Why charAt with code point 0x22098 is ‘\uD848’ and ‘\uDC98’ will be discussed in a separate article.

ES6 String traversal

Fortunately, ES6 takes this into account and implements symbol. iterator on its prototype, allowing it to iterate over its values using for of.

var text = "𢂘";
for(let v of text){
    console.log(v);
}
/ / "𢂘"
Copy the code

As you can see, this gives you the exact value, not the garbled value. Ha ha, 666.

Do not use for of traversal

We know that if the code point is greater than the value of the next index value 0xFFFF, it is not available. Let’s just skip ahead.

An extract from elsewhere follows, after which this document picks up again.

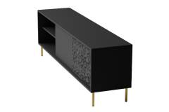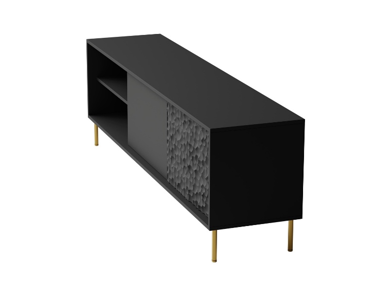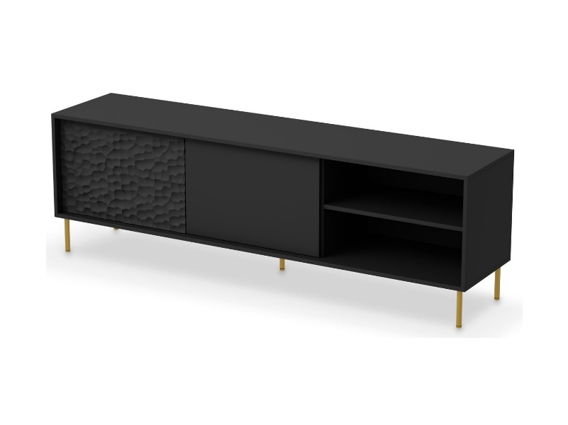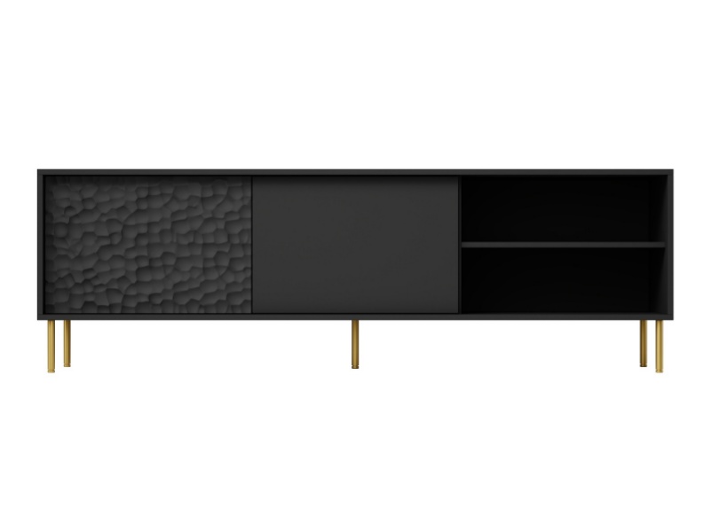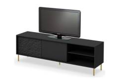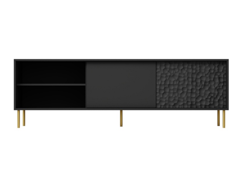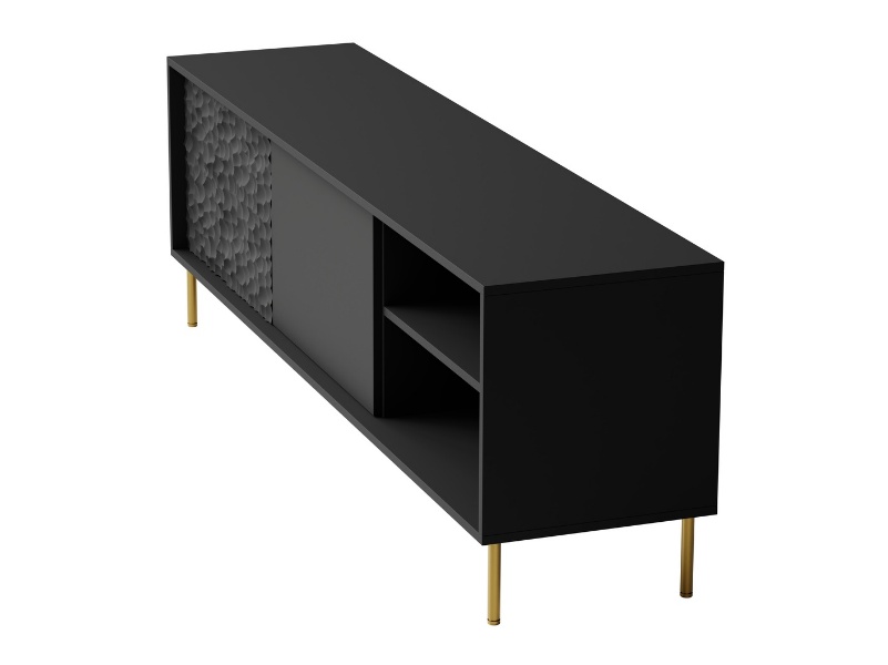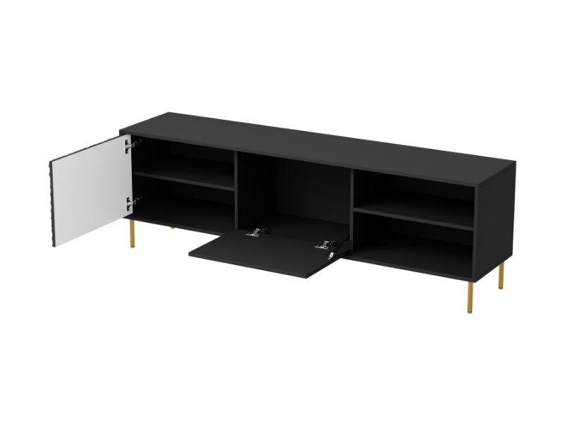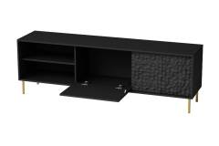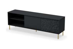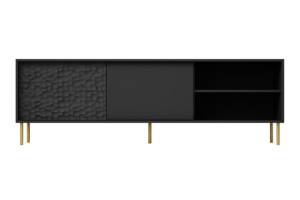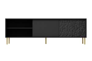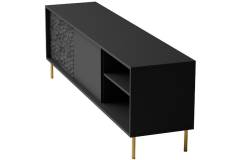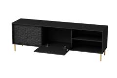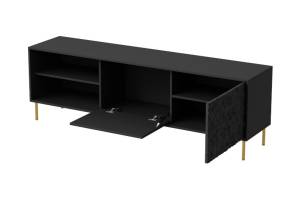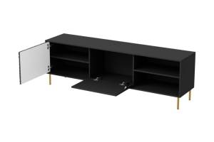 Comoda TV cu 2 usi si spatiu liber BULLET 180x58x41cm negru, picioare aurii

var text = "𢂘 a 𠮷 people";
var code;
var skip;
for (var i = 0; i < text.length; i++) {
  if (skip) {
    skip = false;
    continue;
  }
  code = text.codePointAt(i);
  console.log(String.fromCodePoint(+`0x${code.toString(16)}`));
  if (code > 0xffff) {
    skip = true; }}/ / 𢂘
// a
/ / 𠮷
/ /
Copy the code

That doesn’t look good. Let’s encapsulate it.

To encapsulate, you need to do something extra with the index value.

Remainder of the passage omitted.